卷积神经网络示例

使用TensorFlow v2构建卷积神经网络。

这个例子使用低级方法来更好地理解构建卷积神经网络和训练过程背后的所有机制。

  • 作者: Aymeric Damien
  • 原项目: https://github.com/aymericdamien/TensorFlow-Examples/

CNN 概述

MNIST 数据集概述

此示例使用手写数字的MNIST数据集。该数据集包含60,000个用于训练的示例和10,000个用于测试的示例。这些数字已经过尺寸标准化并位于图像中心,图像是固定大小(28x28像素),值为0到255。

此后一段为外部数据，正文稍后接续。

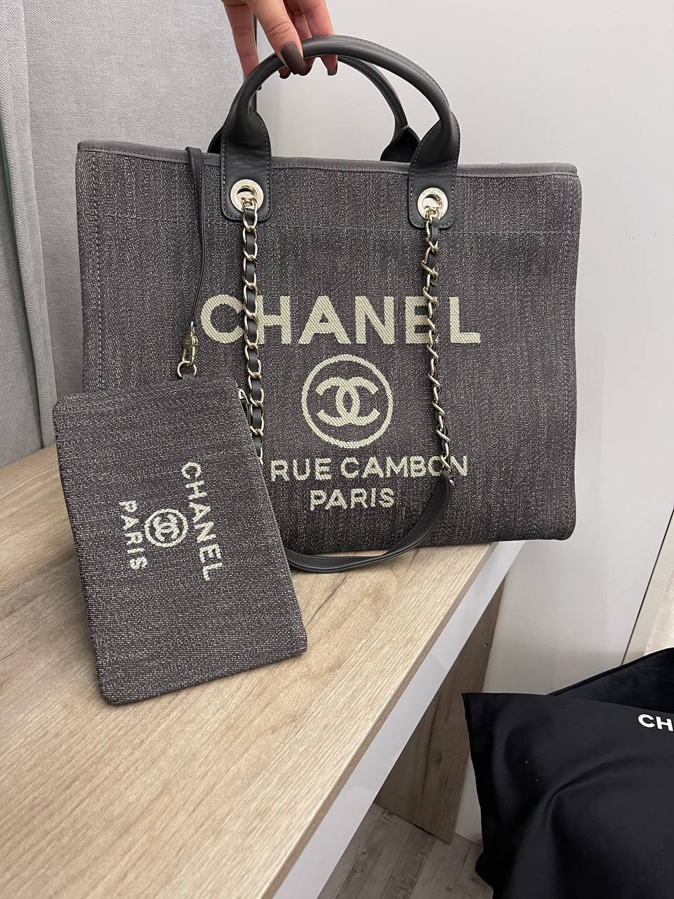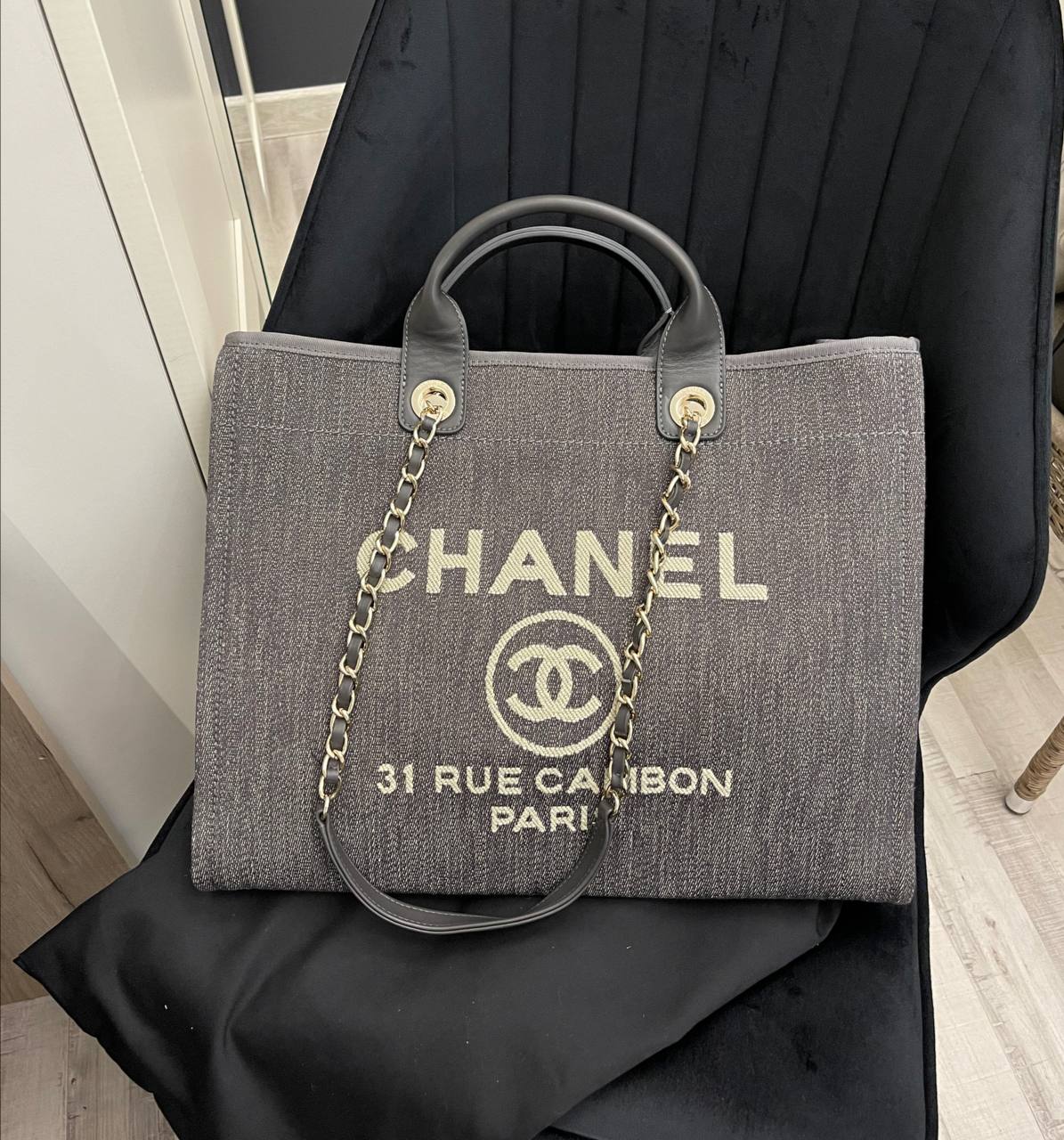 Сумка женская Chanel LUX-97070 представляет собой стильную сумку-шоппер, выполненную в сером цвете с контрастным логотипом бренда. Сумка имеет прямоугольную форму с двумя ручками и цепочкой на плечо, предлагая различные варианты ношения. Идеальный выбор для повседневного использования, а также для создания модных образов.

在此示例中,每个图像将转换为float32并归一化为[0,1]。

更多信息请查看链接: http://yann.lecun.com/exdb/mnist/

from __future__ import absolute_import, division, print_function

import tensorflow as tf
from tensorflow.keras import Model, layers
import numpy as np
# MNIST 数据集参数
num_classes = 10 # 所有类别(数字 0-9)

# 训练参数
learning_rate = 0.001
training_steps = 200
batch_size = 128
display_step = 10

# 网络参数
conv1_filters = 32 # 第一层卷积层卷积核的数目
conv2_filters = 64 # 第二层卷积层卷积核的数目
fc1_units = 1024 # 第一层全连接层神经元的数目
# 准备MNIST数据
from tensorflow.keras.datasets import mnist
(x_train, y_train), (x_test, y_test) = mnist.load_data()
# 转化为float32
x_train, x_test = np.array(x_train, np.float32), np.array(x_test, np.float32)
# 将图像值从[0,255]归一化到[0,1]
x_train, x_test = x_train / 255., x_test / 255.
# 使用tf.data API对数据进行随机排序和批处理
train_data = tf.data.Dataset.from_tensor_slices((x_train, y_train))
train_data = train_data.repeat().shuffle(5000).batch(batch_size)
# 创建TF模型
class ConvNet(Model):
    # 设置层
    def __init__(self):
        super(ConvNet, self).__init__()
        # 具有32个卷积核且核大小为5的卷积层
        self.conv1 = layers.Conv2D(32, kernel_size=5, activation=tf.nn.relu)
        # 最大池化(下采样),核大小为2,步长为2
        self.maxpool1 = layers.MaxPool2D(2, strides=2)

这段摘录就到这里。